Details
-
Bug
-
Status: Resolved
-
Resolution: Done
-
Post-Helium
-
None
-
None
-
Operating System: All
Platform: All
-
3206
-
High
Description
I created a unit test in DistributedDataStoreIntegrationTest that accesses 2 shards using a Tx chain:
DOMStoreWriteTransaction writeTx = txChain.newWriteOnlyTransaction();
writeTx.write(CarsModel.BASE_PATH, CarsModel.emptyContainer());
writeTx.write(PeopleModel.BASE_PATH, PeopleModel.emptyContainer());
writeTx.write(CarsModel.CAR_LIST_PATH, CarsModel.newCarMapNode());
writeTx.write(PeopleModel.PERSON_LIST_PATH, PeopleModel.newPersonMapNode());
DOMStoreThreePhaseCommitCohort cohort1 = writeTx.ready();
ListenableFuture<Boolean> canCommit1 = cohort1.canCommit();
DOMStoreReadWriteTransaction readWriteTx = txChain.newReadWriteTransaction();
MapEntryNode car = CarsModel.newCarEntry("optima", BigInteger.valueOf(20000));
YangInstanceIdentifier carPath = CarsModel.newCarPath("optima");
readWriteTx.write(carPath, car);
MapEntryNode person = PeopleModel.newPersonEntry("jack");
YangInstanceIdentifier personPath = PeopleModel.newPersonPath("jack");
readWriteTx.merge(personPath, person);
DOMStoreThreePhaseCommitCohort cohort2 = readWriteTx.ready();
ListenableFuture<Boolean> canCommit2 = cohort2.canCommit();
writeTx = txChain.newWriteOnlyTransaction();
writeTx.delete(personPath);
DOMStoreThreePhaseCommitCohort cohort3 = writeTx.ready();
doCommit(canCommit1, cohort1);
doCommit(canCommit2, cohort2);
doCommit(cohort3);
The first 2 txns write to both shards and thus are coordinated commits, ie they they go thru the normal 3PC coordinated by the front-end.
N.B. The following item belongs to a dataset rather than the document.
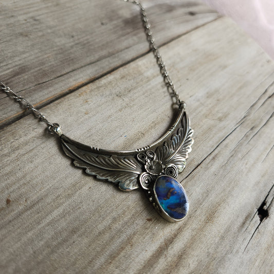 Large opal necklace.solid sterling silver, woodland leaves and flowers,Navajo Indian style necklace pendant

The 3rd txn only accesses 1 shard and thus does a direct commit, eliding the front-end 3PC coordination.
The test fails with an AskTimeoutEx on the "dummy" canCommit for the 3rd txn, which doesn't actually send the CanCommit message but simply waits on the direct commit ReadyLocalTransaction message.
I found 2 issues causing the AskTimeoutEx. When the ReadyLocalTransaction is processed for the 3rd txn, the 2nd txn's commit is still in progress so the 3rd txn's CohortEntry is queued. When the 2nd txn finishes commit, the 3rd txn's CohortEntry is dequeued and proceeds to doCanCommit. Since it's an immediate commit, it proceeds right to commit which calls the RaftActor to persist. In the debug output I saw the call to persistence but it never got the callback that persist completed. Thus it never finished the commit and sent the CommitTransactionReply which resulted in the AskTimeoutEx.
The problem is that the 2nd tnx finished it's commit via a direct call to applyState from the RaftActor's persist apply callback. The shard then immediately proceeds to the 3rd txn and tries to persist the its entry but, apparently, akka's persistence isn't re-entrant. So you can't try to do another persist from a previous persist callback.
I change the RaftActor to send the ApplyState message instead of calling applyState directly. However I still saw the AskTimeoutEx. The 2nd issue is that the shard was using the wrong sender when sending the CommitTransactionReply for the 3rd txn. It was using getSender() which, in this case, was the sender for the first txn. After changing it to use the correct sender from tnx 3's CohortEntry, the test succeeded.
However the test still fails sporadically b/c, due to timing, the 3rd direct commit txn can be committed before the prior coordinated commit. I still need to look into that.